The only leather you see in his audience is on the backs of a few working-class biker types, or characters who, like Clay, assume the macho imagery of Brando in "The Wild One," or one of the Lords of Flatbush, or the Fonz, who liked to put street smarts against the blank middle American ingenuousness of Ron Howard.

Clay has his antecedents partly in Redd Foxx, Belle Barth, Rusty Warren--the party albums of a few decades back where talking dirty, or hearing someone else talk dirty, was a spicy prelude to sex. Here it sounds like the stuff adolescents and young men use to pass away hot summer nights on the stoop. There's no double-entendre, no time-release allusiveness. It's the roughness of horny guys who don't know a lot about girls, and fear what sex makes uncontrollable in the way of self-exposure. It's a kind of trash-talk that lets off steam, a rite of passage.

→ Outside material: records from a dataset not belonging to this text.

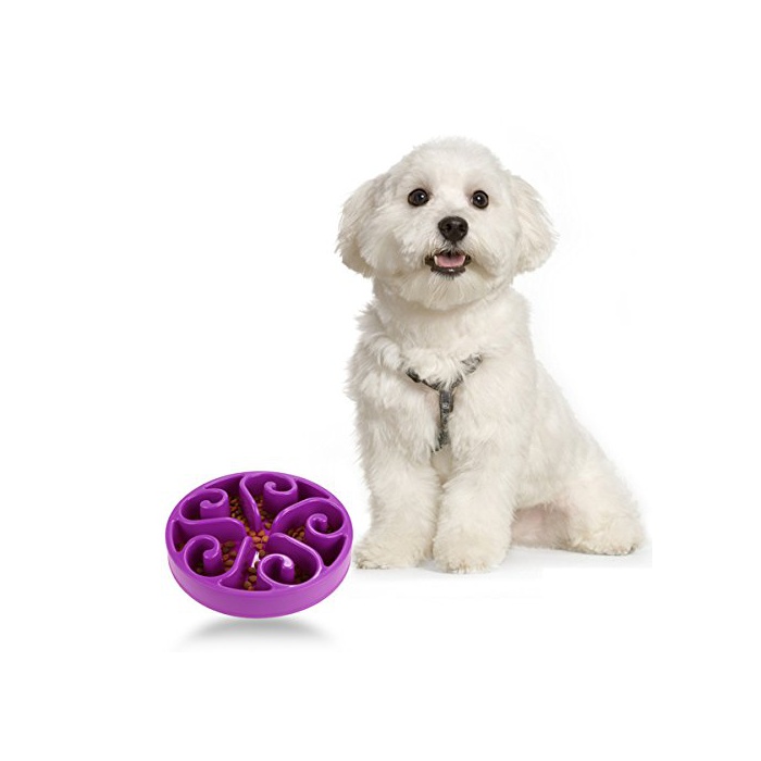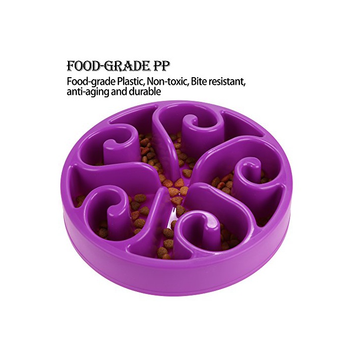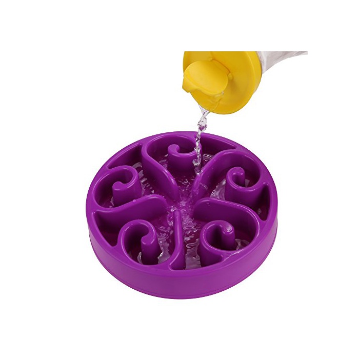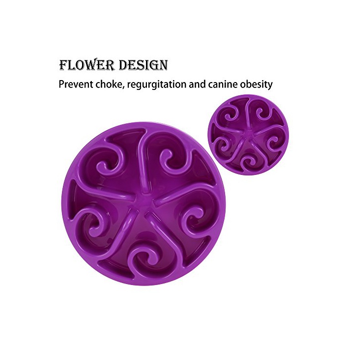 CRAVOG 애완동물 용품 느긋하게 데코보코 식기이 뜰의초목에 물을 줌 해 용품 볼 접시 먹는 것이 지나쳐 빨리먹기 예방국무늬 (퍼플)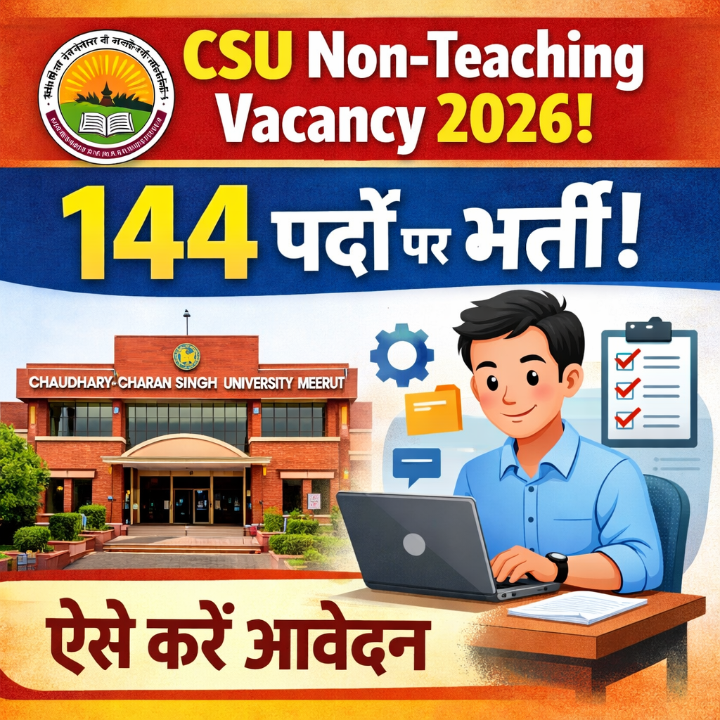 चौधरी चरण सिंह विश्वविद्यालय (CCSU/CSU), मेरठ में Non-Teaching के 144 पदों पर निकली भर्ती 2026 के लिए यह एक विस्तृत मार्गदर्शिका है। यदि आप सरकारी नौकरी की तैयारी कर रहे हैं, तो यह आपके लिए एक बेहतरीन अवसर हो सकता है।
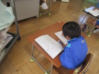 一年生は入学式後、教室へと戻り、お巡りさんの話を聞いたり、新しい教科書を手にしたりしました。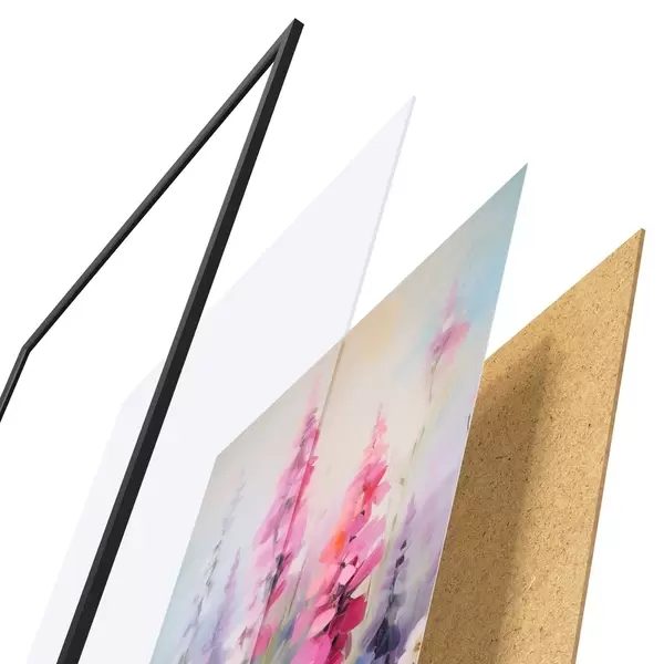 Il poster è composto da cornice, plexiglass, immagine stampata e supporto in truciolato. Il poster può essere immediatamente appeso alla parete grazie ai supporti sul retro.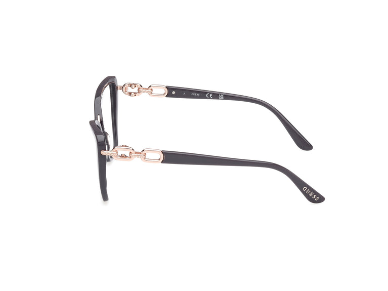 Explore sophistication with Guess GU50180 glasses, designed for the modern woman seeking elegance and style. Their cat-eye frames, made of shiny gray plastic, envelop the face with a mysterious and seductive air. The meticulously crafted temples offer a perfect fit and unparalleled comfort. The delicately integrated bridge adds a touch of distinction. With clear demo lenses, these glasses are the ideal accessory for any occasion.

There's no use denying that Clay has been some kind of phenomenon for years. The Greek was full-up for his performance, as are the rest of the stops he makes annually. But chances are in an earlier era he could not have had a career based on this act. It's been his fortune that he came along at a time in American history when, for a variety of reasons, the line between public and private life has been fairly obscured, if not transposed altogether. Every conceivable form of self-display is out there daily, in the pop therapy talk shows, the tabloids, the celebrity-feasting media, while the general notion of civility and the social contract becomes irrelevant and obscure.

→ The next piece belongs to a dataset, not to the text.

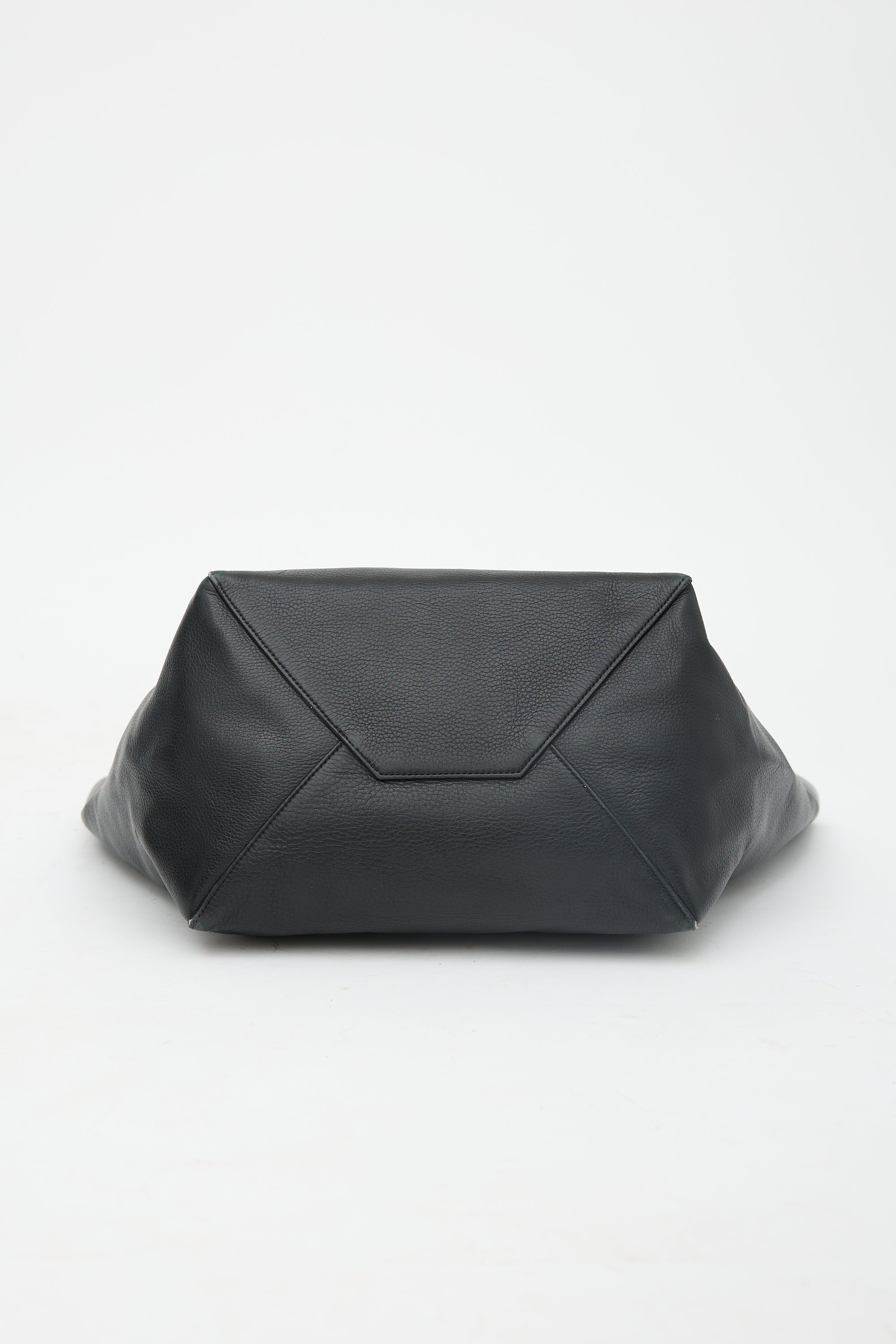 Pre-owned Celine 2013 black leather Cabas Phantom tote bag featuring gold tone logo at front, two flat leather top handles, one main compartment with one zip pocket and two slip pockets, and adjustable tie belt at front. Phoebe Philo era design.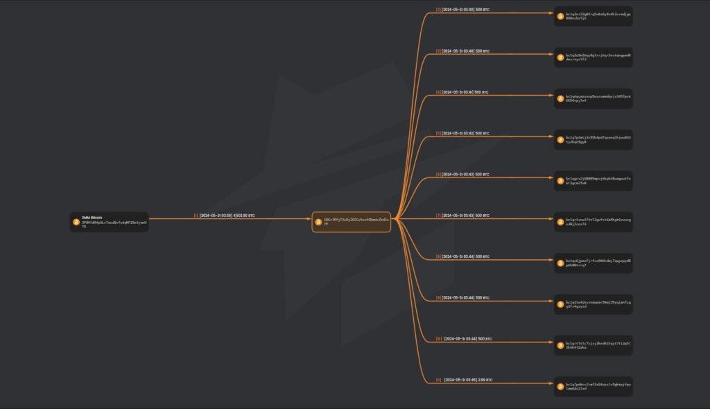 Jak podała firma z zakresu cyberbezpieczeństwa, Blocksec, haker lub hakerzy, kimkolwiek by był lub byli, podzielili łup na dziesięć transz po 500 BTC. Które, po sprawiedliwości, rozdysponowali po równo pomiędzy 10 portfeli kryptowalutowych.

For that, Clay is a man of his time. But there's another, deeper source to his unmistakably visceral appeal (the cheer goes up to meet him like it would from a fight crowd). The burly weightlifters, high school athlete types, tarty looking girls, beer-swillers and tattooed swaggerers all look to him as some kind of icon of prowess (now and then you saw guys leaning on their cars and drinking in the parking lot before the show, while his routines played out of their tape decks). This bunch is not in any information age vanguard, and must feel the squeeze of Reaganomics and the current recession. Add AIDS, gay rights and--to them--the spectral rise of feminism, and you have a '90s version of a lonely crowd.

The Diceman's crudeness therefore can only add to his power. He isn't just addressing his audience's sexual tension, he's speaking to its rage. Maybe that's why he calls for heavy guard.